There’s only one ball in a basketball game.
It doesn’t work if everyone on a team needs the ball in their hands to contribute. An effective offense certainly needs scorers, but it also requires players who can distribute and are comfortable working off the ball.
Similarly, a work team can’t be made of group of clones. Even if they’re all great individual contributors.
As a fairly aggressive and motivated person myself, I was initially frustrated when I realized how many of the people around me didn’t seem to have the same passion I did. They just didn’t seem to have the same interest in growing into new areas and taking on challenges.
But as I’ve come to understand office dynamics a bit better, I’m beginning to think that this is an asset rather than a hinderance.
If everyone was like me, there would be a long list of problems.
Just to take one example, we have a guy who has been around forever and knows about every project we’ve ever done and the associated relationships.

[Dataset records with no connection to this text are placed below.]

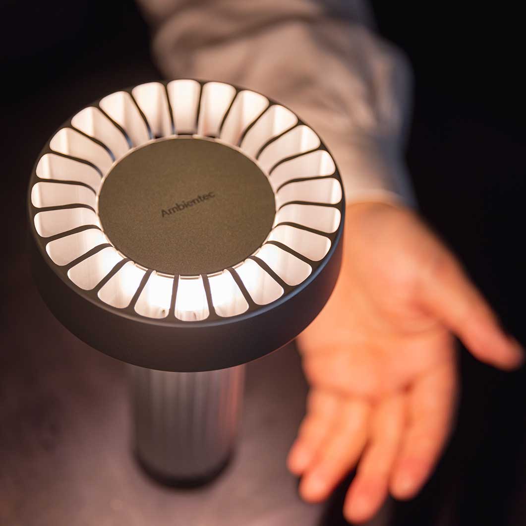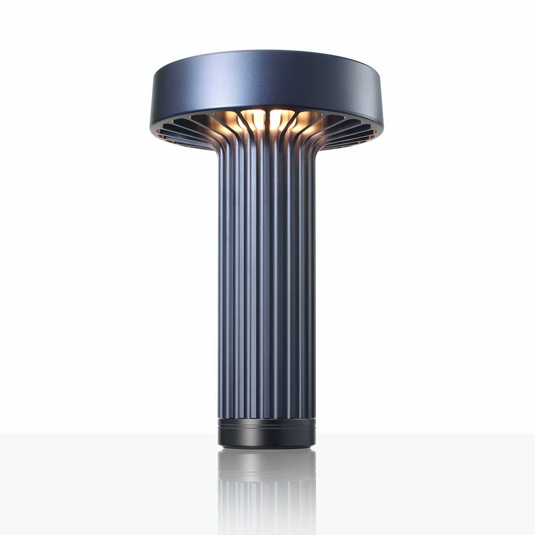 本体はアルミニウムの一体成型で内側と外側が表裏一体となった構造が特徴です。強度と放熱機能を保ちながらランプシェードとしても機能するユニークな設計。グリップの溝に美しいグラデーション描きながらテーブル上へ優しい光を落とします。
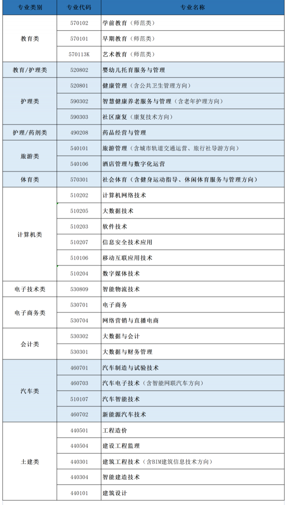 学院主动适应地方经济社会发展,围绕现代服务业、先进制造业及战略性新兴产业等方面紧缺人才需求,设置了学前教育类、健康管理类、汽车工程类、建筑工程类、电子信息类、互联网与大数据应用类、财经商务类和旅游类等8个专业群近30个专业。
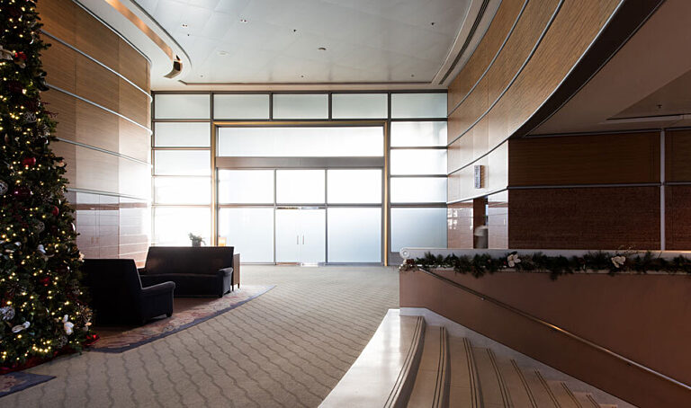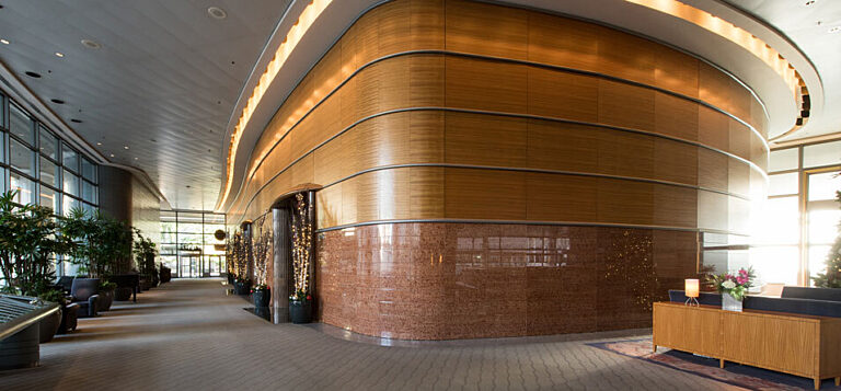 At the same time, like any makeover, it is important to preserve the original, timeless elements and characteristics that make the spaces what [or who] they are. It is a challenge that GLY and NBBJ embraced recently on Seattle’s Two Union Square. After two years of construction, owner Washington Holdings proudly revealed the final showpieces of the renovation, a 9,000 square foot parabolic wood beam ceiling and a 6,500 square foot 3D stone wall. Despite the dramatic change you see in the before and after photos below, the new space retains its mantle as a quintessentially Northwest building, just like it did in the 1980s.
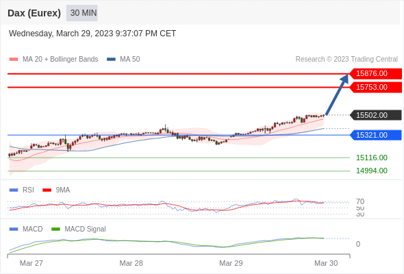 RSI技术指标大于中性区域50。 MACD技术指标呈现看多状态并 处在其信号线的下方。 此外,价位处在其20个时期及50个时期移动平均线上方 ( 当前是 15464.95 和 15380.42 )。
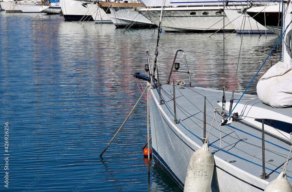 The front of a sailing yacht moored in the marina
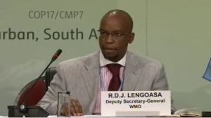 RDJ Lengoasa se refirió también al boletín emitido hace pocas semanas por la organización, donde se daba cuenta de cómo el fuerte incremento de las emisiones en 2011 ha llevado la concentración de gases de efecto invernadero a nuevos récords. Señaló que la composición actual de la atmósfera acabará llevando al planeta a una temperatura de entre 2 ºC y 2,4 ºC superior a la preindustrial, valores que los científicos consideran capaces de iniciar cambios de largo alcance, e irreversibles, en nuestra Tierra, tanto en la biosfera como en los océanos.
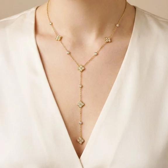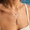 Ce modèle se distingue par ses trois chaînes fines superposées créant un effet de superposition très apprécié dans les tendances actuelles. La première chaîne est décorée de petites perles métalliques délicates, la seconde met en valeur une pierre brillante centrale, tandis que la troisième chaîne se termine par un pendentif croix serti de strass scintillants, apportant une touche lumineuse et sophistiquée.
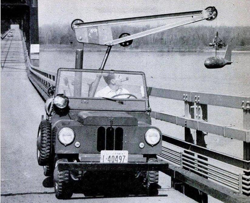 This rig was built by the U.S. Geological Survey department to measure river currents on the Mississippi River. They chose the FarmOroad because it was small enough to go on sidewalk of many bridges. They used the rear PTO to raise and lower the equipment and a manual hydraulic jack to adjust the boom angle. |
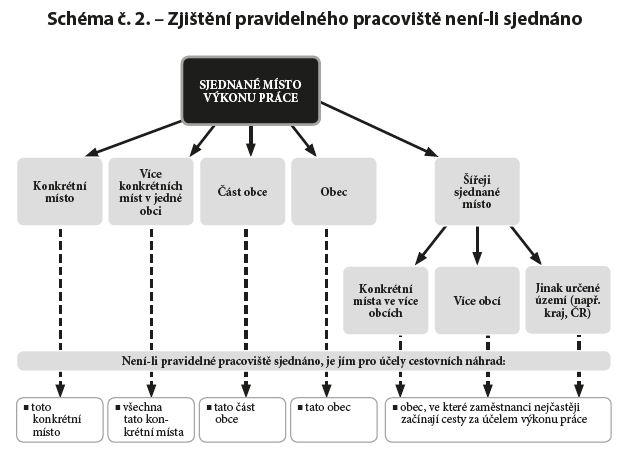 Jak se zjistí pravidelné pracoviště pro účely cestovních náhrad, není-li v pracovní smlouvě sjednáno, je uvedeno ve schématu č. 2.
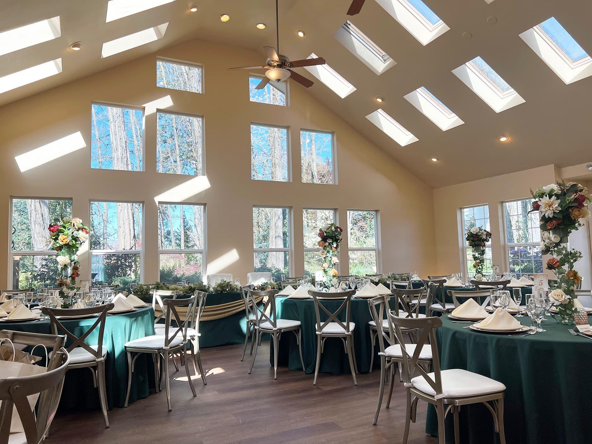 Full of natural light and always hospitable, regardless of the weather, our nearly 3,000-square-foot Reception Facility is used by all our events for dinner and dancing. With a maximum capacity of 125, Ainsworth House & Gardens includes a great selection of in-house linens, napkins, and table centerpieces as part of your booking. We will do all the setup and cleaning, as well as coordinate with you and your vendors on all the special décor items you might wish to incorporate.
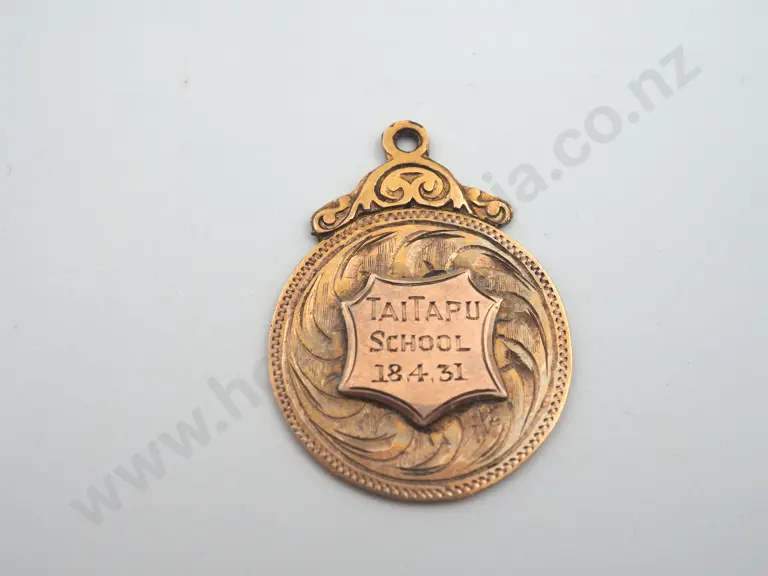 Vintage 9ct 4.6 grams gold medal engraved on the front “TAITAPU / SCHOOL / 18.4.31”
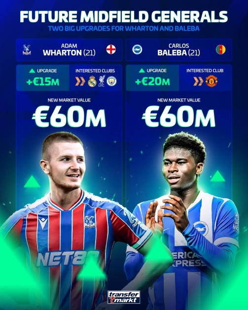 21岁后腰双子星!巴莱巴、沃顿身价一起暴涨,涨至6000万欧
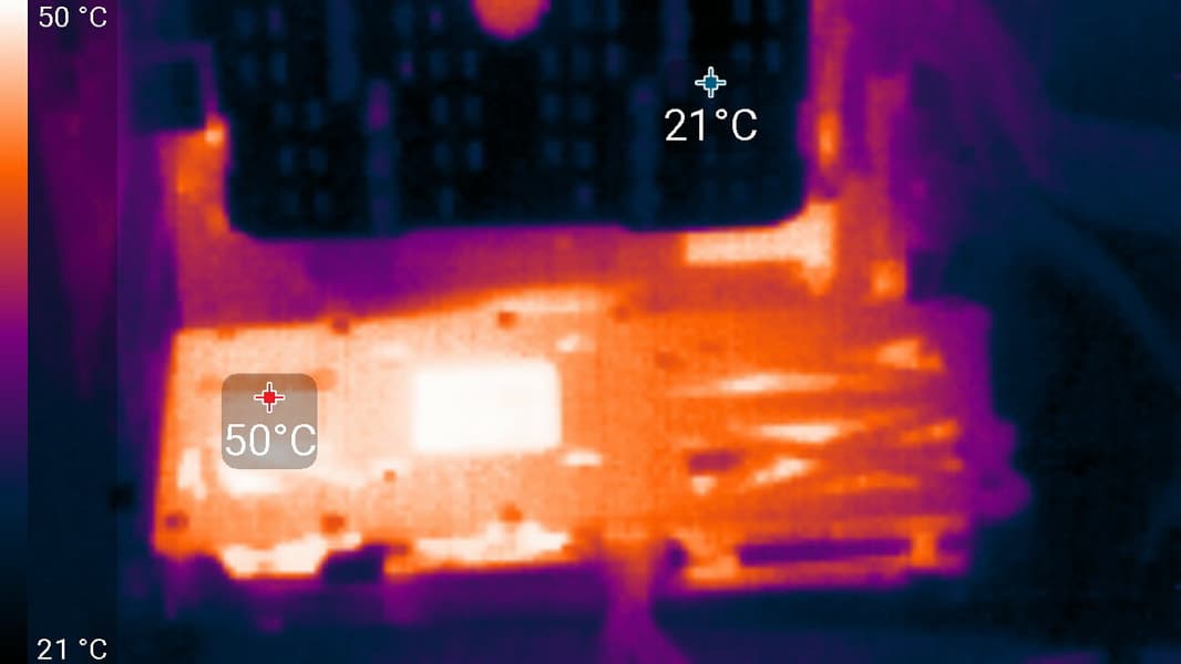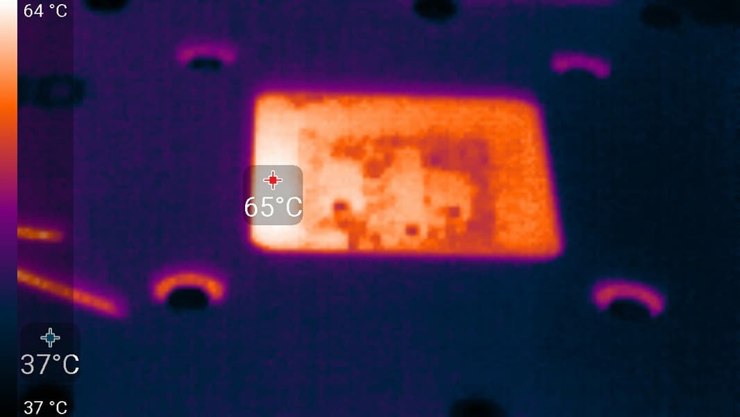 Максимальный нагрев наблюдался в центральной части PCB, в основном около ядра.

There’s no way I could do that. This guy, and a whole host of other people, seem to be happy coming to work for years on end and doing almost the same thing every day. They aren’t the “go-getters” that the company needs on the front line to drive future business, but they’re exactly the type of people who are needed to keep a tidy house on the back end.
And they do something I certainly couldn’t do. I would go crazy.
It seems like an office needs all of the key pieces. It needs the Type A personalities who always want more, but it also needs the people who are happy to find their role and do it well.